This is a massively simplified view, but even with this there are a number of significant changes that have happened here. Please note this is not a recommendation of an architectural migration, I’m merely using this as a tool to expose some Serverless concepts!
- We’ve deleted the authentication logic in the original application and have replaced it with a third party BaaS service.
- Using another example of BaaS, we’ve allowed the client direct access to a subset of our database (for product listings), which itself is fully 3rd party hosted (e.g. AWS Dynamo.) We likely have a different security profile for the client accessing the database in this way from any server resources that may access the database.
- These previous two points imply a very important third - some logic that was in the Pet Store server is now within the client, e.g. keeping track of a user session, understanding the UX structure of the application (e.g. page navigation), reading from a database and translating that into a usable view, etc. The client is in fact well on its way to becoming a Single Page Application.
- Some UX related functionality we may want to keep in the server, e.g. if it’s compute intensive or requires access to significant amounts of data. An example here is ‘search’. For the search feature instead of having an always-running server we can implement a FaaS function that responds to http requests via an API Gateway (described later.) We can have both the client, and the server function, read from the same database for product data.
- Finally we may replace our ‘purchase’ functionality with another FaaS function, choosing to keep it on the the server-side for security reasons, rather than re-implement it in the client. It too is fronted by API Gateway.
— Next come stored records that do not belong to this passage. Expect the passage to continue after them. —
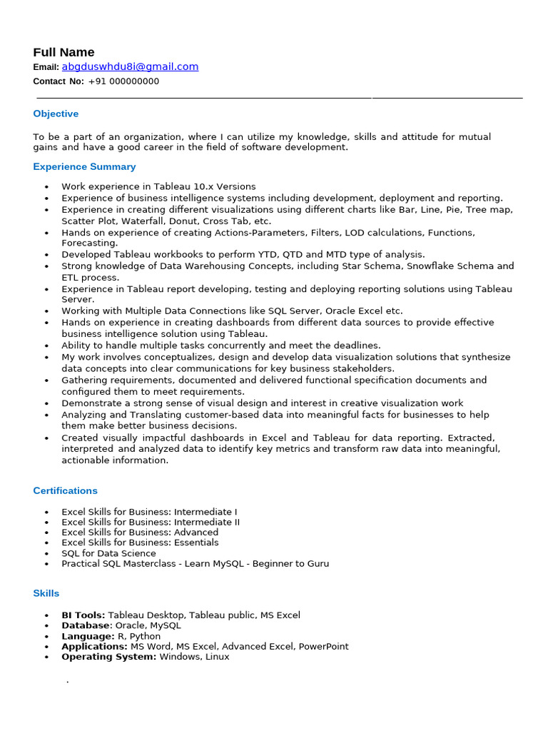 BI Tools: Tableau Desktop, Tableau public, MS Excel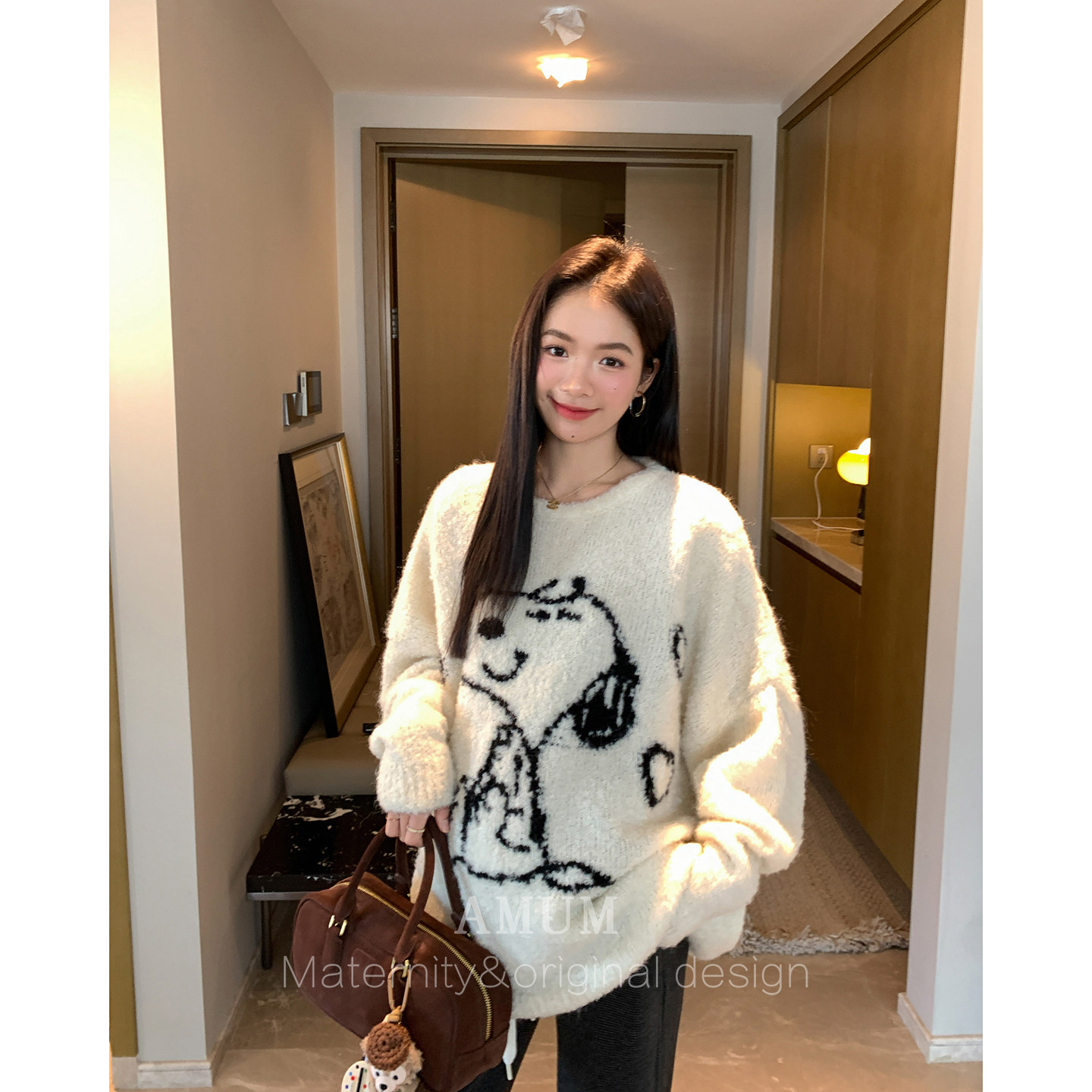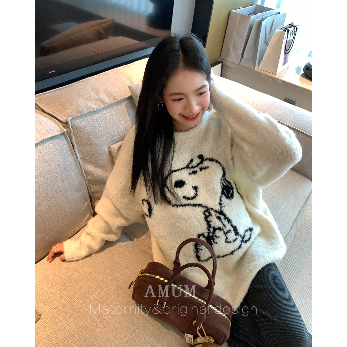淘宝◆AMUM孕妇装◆圈住暖意~圆领圈圈纱慵懒软糯减龄宽松针织上衣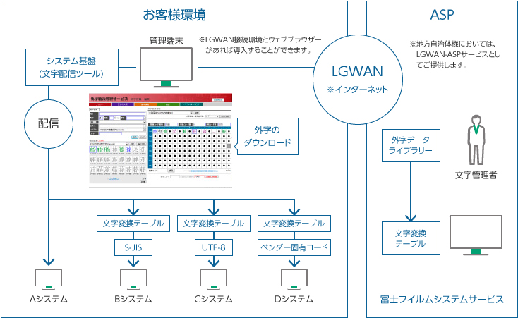 また、LGWAN-ASPサービスを利用し、外字フォントの作成や文字の統合管理が可能です。LGWAN-ASPサービスなので、LGWAN接続環境(もしくはインターネット)とウェブブラウザーがあれば導入することができます。

Since the original server was implemented in Java, and AWS Lambda (our FaaS vendor of choice in this instance) supports functions implemented in Java, we can port the search code from the Pet Store server to the Pet Store Search function without a complete re-write.
Message-driven applications
A different example is a backend data-processing service. Say you’re writing a user-centric application that needs to quickly respond to UI requests, but secondarily you want to capture all the different types of activity that are occurring. Let’s think about an online ad system - when a user clicks on an advertisement you want to very quickly redirect them to the target of the ad, but at the same time you need to collect the fact that the click has happened so that you can charge the advertiser. (This example is not hypothetical - my former team at Intent Media recently went through this exact redesign.)
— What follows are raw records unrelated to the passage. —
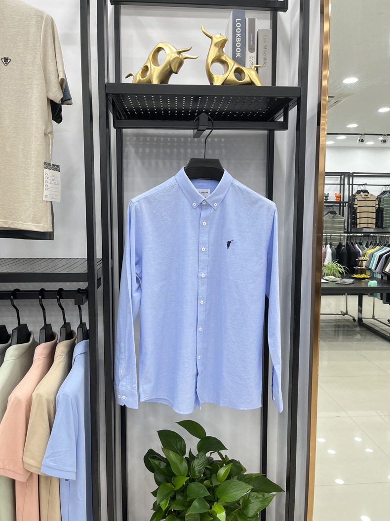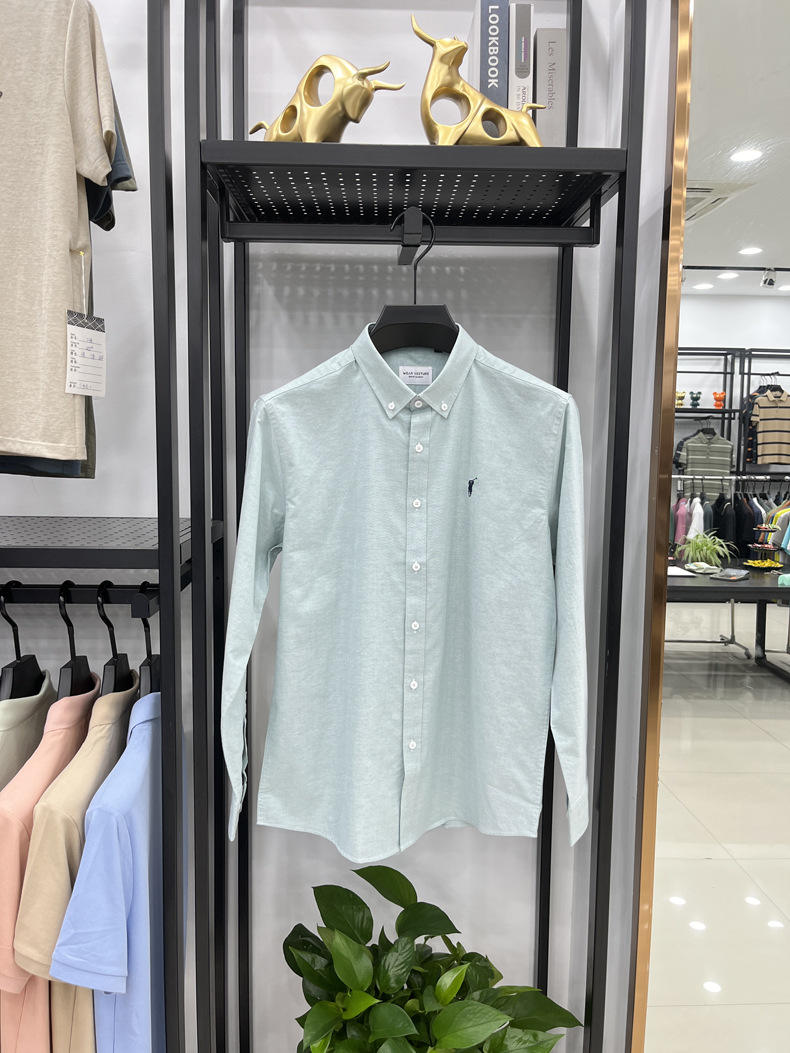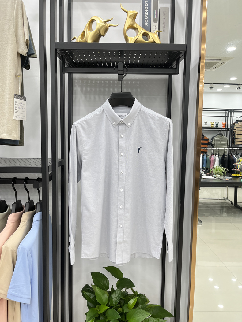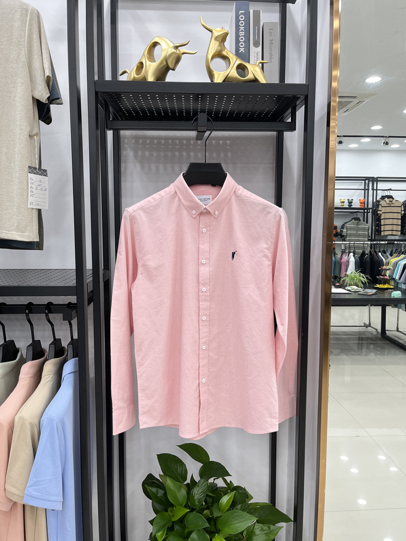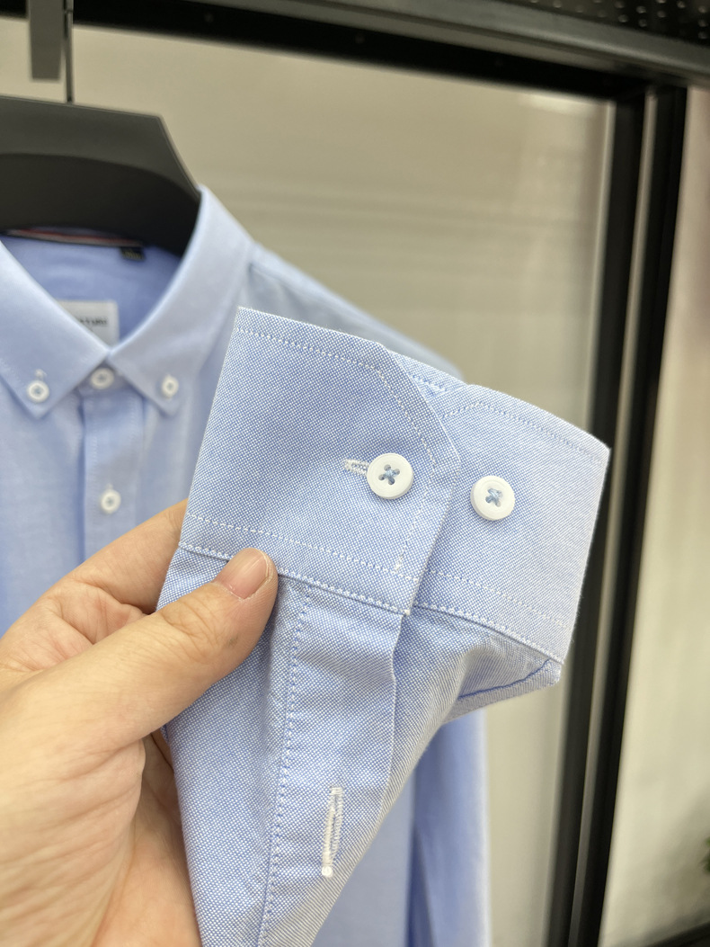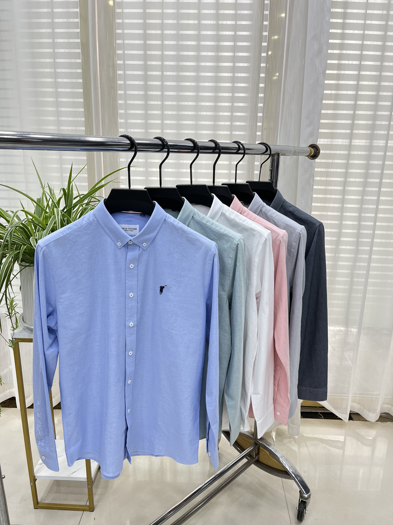 하이 엔드 100 면 남자 긴팔 셔츠 봄 2025 새로운 도착 자수 비즈니스 캐주얼 셔츠 솔리드 컬러 올 매치스토어 가기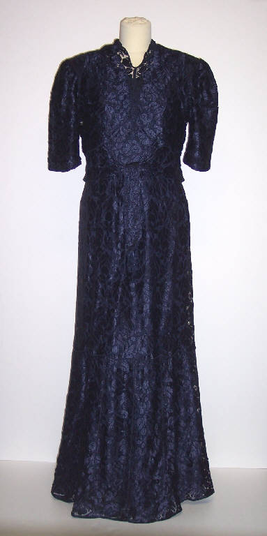 Abito lungo in raso di seta blu rivestito di pizzo blu con motivi floreali; manica corta; allacciatura posteriore con fiocco; bolerino in pizzo con gli stessi motivi foreali.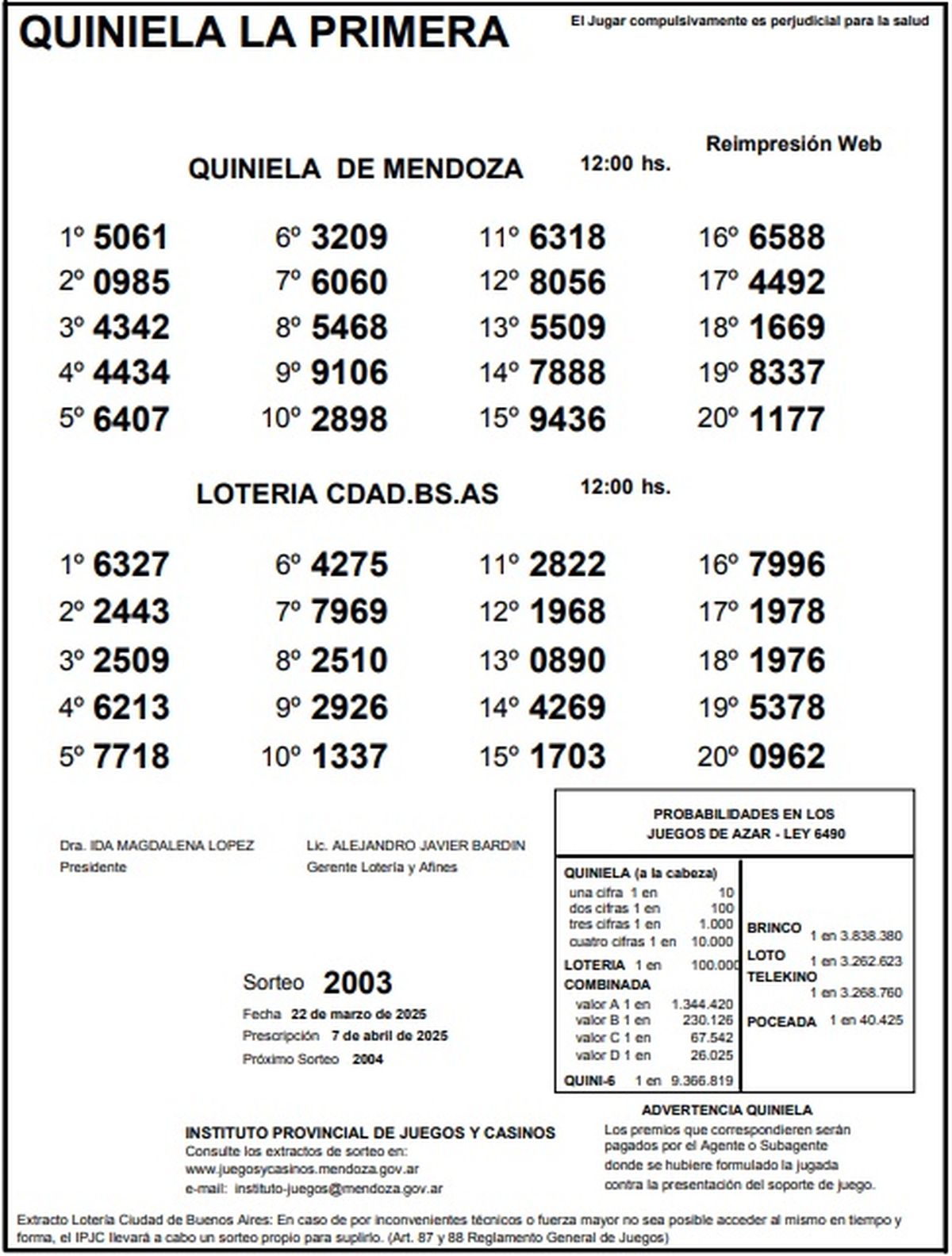 Resultados Quiniela de Mendoza: La Primera del 22 de marzo de 2025

Traditionally, the architecture may look like this. The ‘Ad Server’ synchronously responds to the user - we don’t care about that interaction for the sake of this example - but it also posts a message to a channel that can be asynchronously processed by a ‘click processor’ application that updates a database, e.g. to decrement the advertiser’s budget.
In the Serverless world this looks like:
There’s a much smaller difference to the architecture here compared to our first example. We’ve replaced a long lived consumer application with a FaaS function that runs within the event driven context the vendor provides us. Note that the vendor supplies both the Message Broker and the FaaS environment - the two systems are closely tied to each other.
The FaaS environment may also process several clicks in parallel by instantiating multiple copies of the function code - depending on how we’d written the original process this may be a new concept we need to consider.
Unpacking ‘Function as a Service’
We've mentioned the FaaS idea a lot already but it's time to dig into what it really means. To do this let's look at the opening description for Amazon's Lambda product. I've added some tokens to it, which I then expand upon.
AWS Lambda lets you run code without provisioning or managing servers. (1) ... With Lambda, you can run code for virtually any type of application or backend service (2) - all with zero administration. Just upload your code and Lambda takes care of everything required to run (3) and scale (4) your code with high availability. You can set up your code to automatically trigger from other AWS services (5) or call it directly from any web or mobile app (6).
- Fundamentally FaaS is about running back end code without managing your own server systems or your own server applications. That second clause - server applications - is a key difference when comparing with other modern architectural trends like containers and PaaS (Platform as a Service.)
- FaaS offerings do not require coding to a specific framework or library. FaaS functions are regular applications when it comes to language and environment. For instance AWS Lambda functions can be implemented ‘first class’ in Javascript, Python and any JVM language (Java, Clojure, Scala, etc.). However your Lambda function can execute another process that is bundled with its deployment artifact, so you can actually use any language that can compile down to a Unix process (see Apex later on.) FaaS functions do have significant architectural restrictions, especially when it comes to state and execution duration, and we’ll come to that soon.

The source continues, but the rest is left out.